«Да хоть «Плейбой», — говорю. Причем поспорили в тот момент, когда я и доллары-то еще в глаза не видел.
Потом роман наш начал прерываться ссорами. Она вообще замуж вышла. На рукопись я наткнулся случайно. И отнес в «Плейбой». Публикацию несколько раз откладывали, прошло еще сколько-то месяцев. Я загремел в больницу. А рассказ... вышел.
Муж ее, как выяснилось, большой любитель «Плейбоя». Он все понял и, несмотря на все мои шифры, узнал свою благоверную. Позвонил мне домой. Сын мой, покойный Сережа, добрая душа, рассказал, в какой больнице я нахожусь.
И вот представьте — лежу я в палате, и заходит он. «Помираете?» — радостно так спрашивает.
Здоровый, спортивный, гораздо моложе меня…
Сказал, что понял, о ком рассказ. И, мол, ее предыдущий муж тоже бывшую свою узнает, а дети?.. В общем, как вам, Валерий Сергеевич, не ай-яй-яй? «А вы оба болтайте поменьше, тогда никто ничего не поймет».
Поговорили мы с ним. Ушел. Звоню Ирбис: «Сударыня, за тобой должок! Тысячу-то мне проспорила».
— Вот вы сказали, что вам не понравилось делить любимую стерву с мужем. Надо понимать, ситуация двоеженства вас устраивает больше?

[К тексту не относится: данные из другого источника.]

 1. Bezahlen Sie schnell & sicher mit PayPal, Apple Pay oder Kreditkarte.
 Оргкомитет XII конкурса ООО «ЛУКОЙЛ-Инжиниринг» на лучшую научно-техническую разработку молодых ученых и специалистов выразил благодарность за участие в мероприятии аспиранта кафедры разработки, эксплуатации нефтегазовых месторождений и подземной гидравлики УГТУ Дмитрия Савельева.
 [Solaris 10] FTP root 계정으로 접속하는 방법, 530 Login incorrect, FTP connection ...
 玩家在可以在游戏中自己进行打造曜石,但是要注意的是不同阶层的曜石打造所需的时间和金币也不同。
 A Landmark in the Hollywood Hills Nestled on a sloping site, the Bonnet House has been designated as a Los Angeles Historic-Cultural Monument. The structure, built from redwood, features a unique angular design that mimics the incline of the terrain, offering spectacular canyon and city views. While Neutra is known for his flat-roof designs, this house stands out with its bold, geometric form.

— Женат я на Тамаре. Ирина Линдт растит нашего общего сына Ивана. В данном случае так решили женщины. Ванька же был запланирован, а не так, как порой бывает — прости, любимый, я беременна, и делай теперь что хочешь.

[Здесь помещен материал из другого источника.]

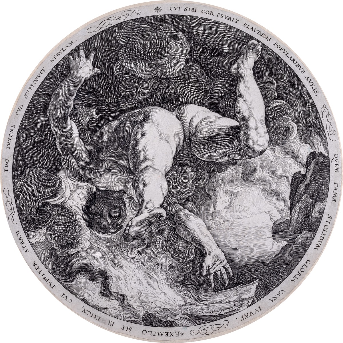 Påskrift (längs kanterna, i plåten): EXEMPLO SIT EI IXION, CVI IVPPITER ATRAM . . . .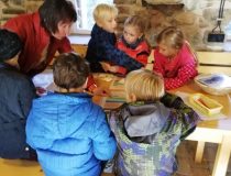Na závěr byli žáci v nově vybudované pekárně přítomní u samotného procesu kvašení, výroby a pečení bochánků chleba. Paní učitelka Kopecká dětem připomenula význam chleba, který člověka doprovází už po staletí, hodnotu potravin, proměny zemědělské krajiny a ekologické zemědělství.

Я и пить в тот период перестал. Кстати, знаете, сколько сейчас женщин, которые просто хотят родить? Много. В моем случае со стороны Ирины не было никаких притязаний на замужество. Об этом и речи быть не могло. И для Тамары ситуация не была неожиданной. Конечно, они обе до сих пор сложно все переживают. И не дай бог кому-то оказаться на их месте.
У меня и с детьми не всегда гладко складывалось. Вроде все мои — и при этом страшно разные. У Дениса характер открытый, очень легкий, ироничный. Сережа был другой. Могу признаться, я жутко боялся его суждений. Он всех видел насквозь, и меня в том числе. В разговоре с Денисом я мог какие-то вещи оспорить, а Сережа — дверь закрытая. У него было полное собрание работ Андрея Тарковского.

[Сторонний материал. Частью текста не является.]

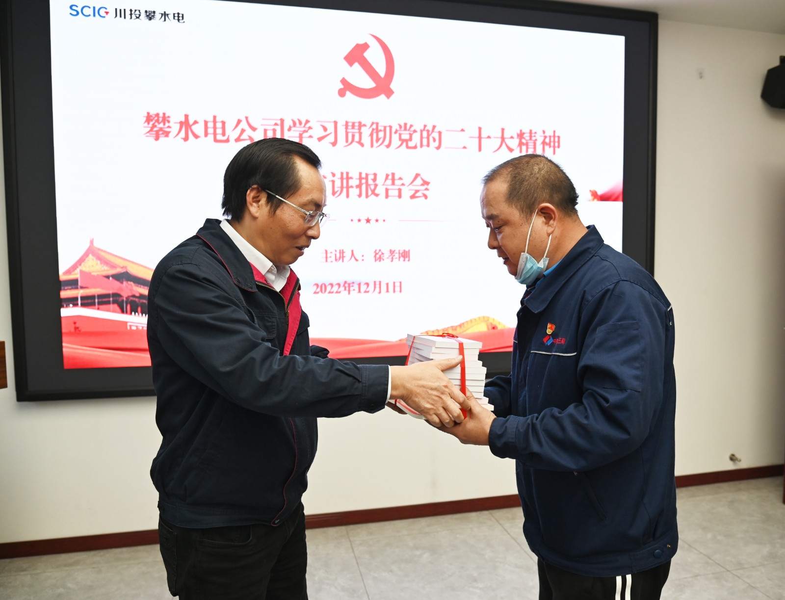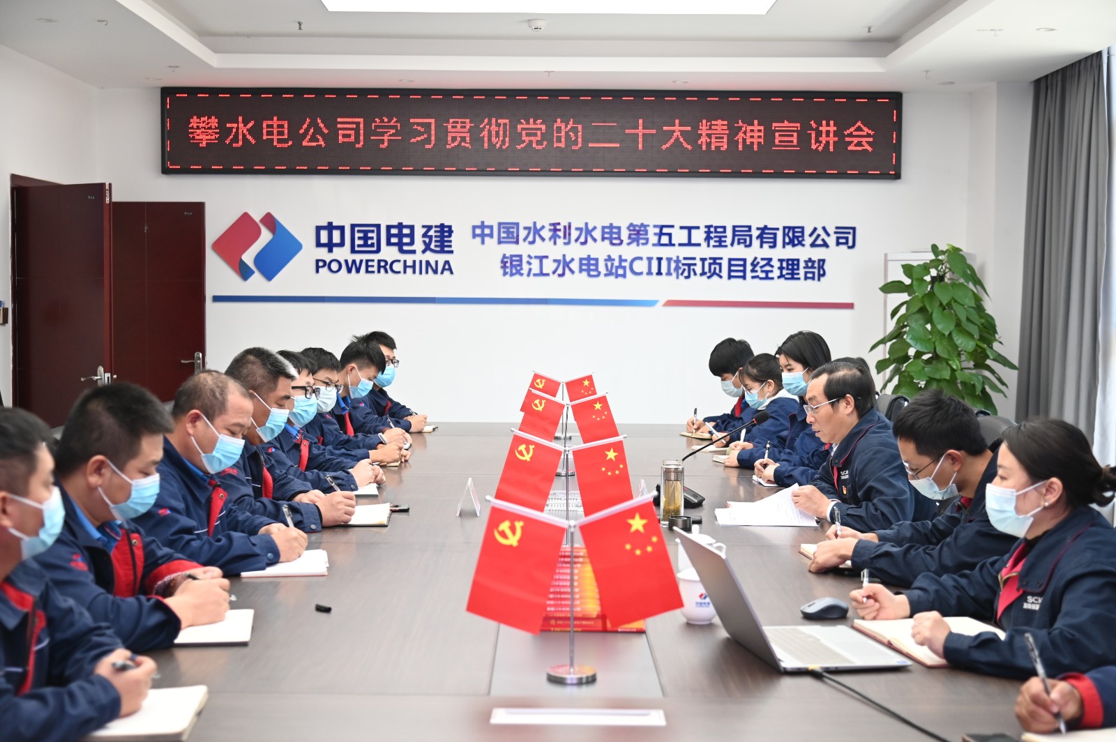 根據(jù)川投集團(tuán)黨委、川投能源黨委有關(guān)要求和攀水電公司黨總支工作安排,為進(jìn)一步學(xué)習(xí)宣傳貫徹黨的二十大精神,激勵銀江水電站參建單位全面學(xué)習(xí)、全面把握、全面落實(shí)黨的二十大精神,12月1日上午,川投能源副總經(jīng)理、攀水電公司黨總支書記、董事長、攀新能源公司董事長徐孝剛到聯(lián)建支部水電五局銀江項(xiàng)目黨支部進(jìn)行黨的二十精神專題宣講。水電五局銀江項(xiàng)目黨支部全體黨員、入黨積極分子、職工代表共計20余人參加此次宣講會。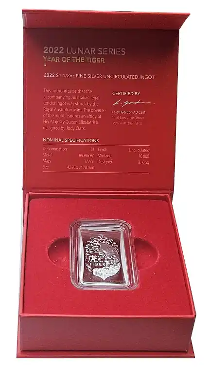 Start » Silbermünzen » 1/2 Oz Silberbarren Lunar Tiger Australien 2022 im Etui Versand Am Gleichen Tag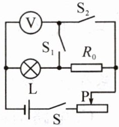 ②步骤②中,只闭合S、S2时,L断路,R0与滑动变阻器串联,电压表测R0两端电压为U,电路电流$I'=\frac{U}{R_0}$。
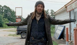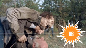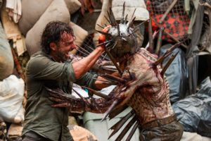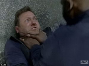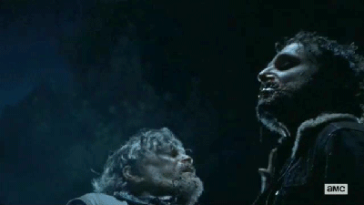 91 Carl amenazando y matando a Salvadores al filtrarse en El Santuario en la séptima temporada.
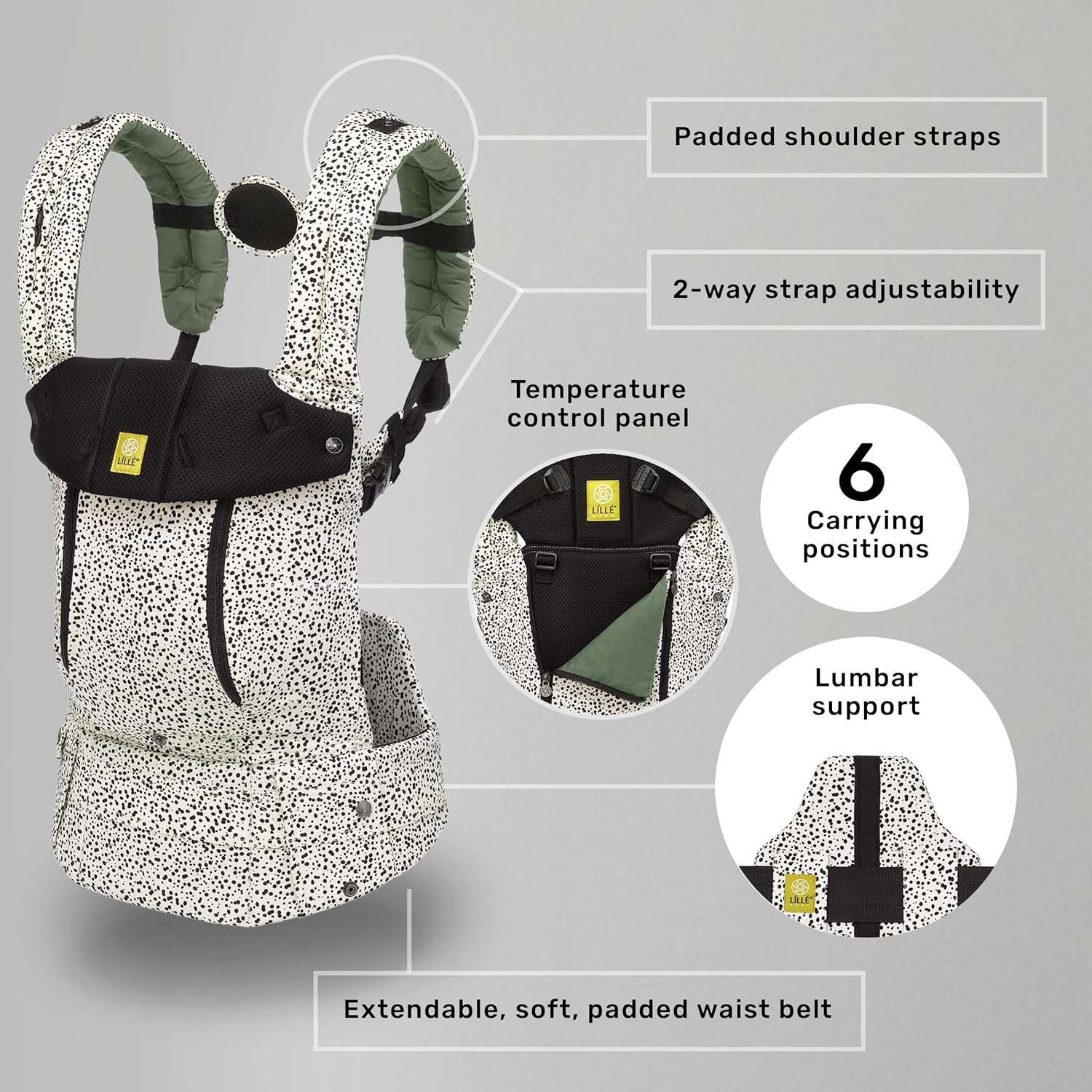 - Six Positions: The LÍLLÉbaby Complete baby carrier features 6 ergonomic carry styles for 360-degree babywearing including front, backpack and hip styles.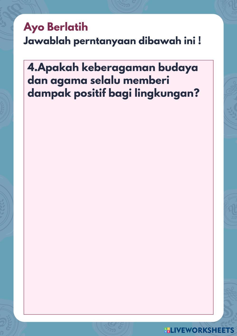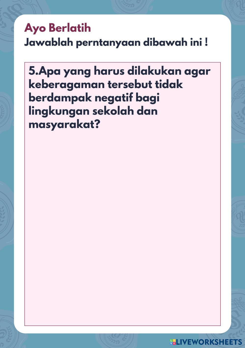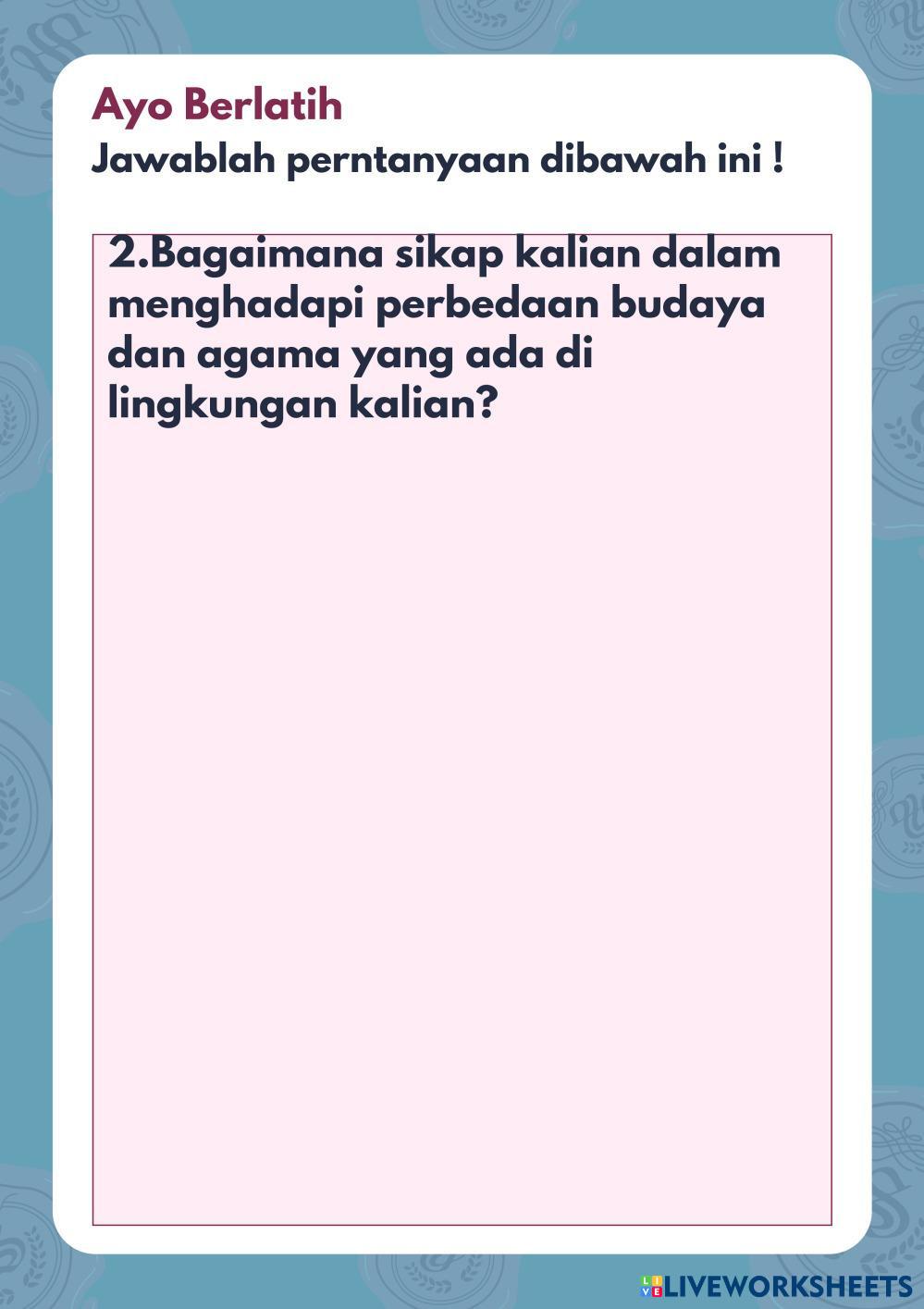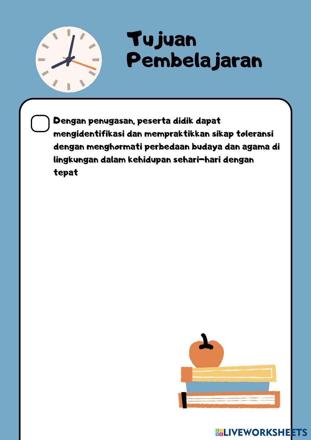 Created byHasanah Pendidikan Pancasila dan Kewarganegaraan (PPKn) Menampilkan sikap sesuai dengan peraturan perundang-undangan Age 11-15 level: 5 Indonesian Author's Instructions My Google Classroom Courses × 0 classes selected (0 students total) Quick Access Select all classes (0 classes) All Classes Loading courses... Cancel Share Share to selected Course __COURSE_NAME__ __STUDENT_NAME__ (__STUDENT_EMAIL__) Lembar Kerja Peserta Didik 1 (Elemen Membaca) Download Worksheet Validation Check my answers Emails my answers to my teacher Full name Group/level School subject Teacher's email or key code Close Submit Validating worksheet... (12) Your answers have been sent to your teacher. Good luck! OK We encountered an error submitting your answers. Please try again. OK Advertisement | Go Ad Free Created byHasanah Pendidikan Pancasila dan Kewarganegaraan (PPKn) Menampilkan sikap sesuai dengan peraturan perundang-undangan Age 11-15 level: 5 Indonesian Author's Instructions

На стене висел портрет Кайдановского. Где-то внутри я сомневался в своем отцовском авторитете, обида была — почему не я? Помню, притащил книгу Войновича с автографом. Сережа вроде взял, вроде рад… А потом смотрю: читает-то не ее, а «Дон Кихота». У него был свой мир, в котором я мог только что-то угадывать. И понимал, что не чужой, а влияния на него не имел. Вот где драма-то! А вы говорите — романы…
С Тамарой у Сережки лучше складывалось, они были по-настоящему близки.
— Но предотвратить его самоубийство не смог никто…
— Наверное, потому что это было невозможно. «Уйти из жизни так же просто, как прогулять урок». У Сережи был какой-то философский подход к суициду.
Весь этот ужас случился не вдруг, не спонтанно. В крови моего сына не обнаружили никакого допинга, алкоголя, наркотиков…
Я много думал, читал дневники Сережи, старался по прошествии времени смотреть на происшедшее более спокойно. Понимаю: раз с сыном случилось такое, конечно, я виноват. Можно ли было его остановить? Наверное... Но мы не знали как. Какое-то малое оправдание для нас заключается в том, что эта попытка самоубийства была третьей.
Сережа с детства не придавал особого значения жизни. Он пробовал какие-то странные вещи на вкус, испытывал себя.
Однажды был день рождения у Кати, девочки, с которой Сережа учился и дружил. Он пришел в ГУМ, нашел дорогие духи и положил их в карман, прекрасно понимая, что на выходе неизбежно «зазвенит».
Естественно, «зазвенело», естественно, пришел милиционер. «Зачем, — спрашивают сына, — ты это сделал?» — «Хочу сесть в тюрьму».
Милиционер потребовал документы. Он дал паспорт. «Какой Золотухин? Сын того самого Золотухина? Ты что, идиот?»
Конечно, духи отобрали, а его отпустили. Потом он нам с матерью все это спокойно рассказывал. Рассказал как факт. Объяснить, зачем это придумал, не смог. Как отец я шкурой чувствовал опасность. Но что делать, не знал. Говорю: я тебя устрою на любую работу, помогу, как сумею.
Помню, Дениса устраивал. У него вышел скандал с церковным начальством, и сын был вынужден уйти из церкви.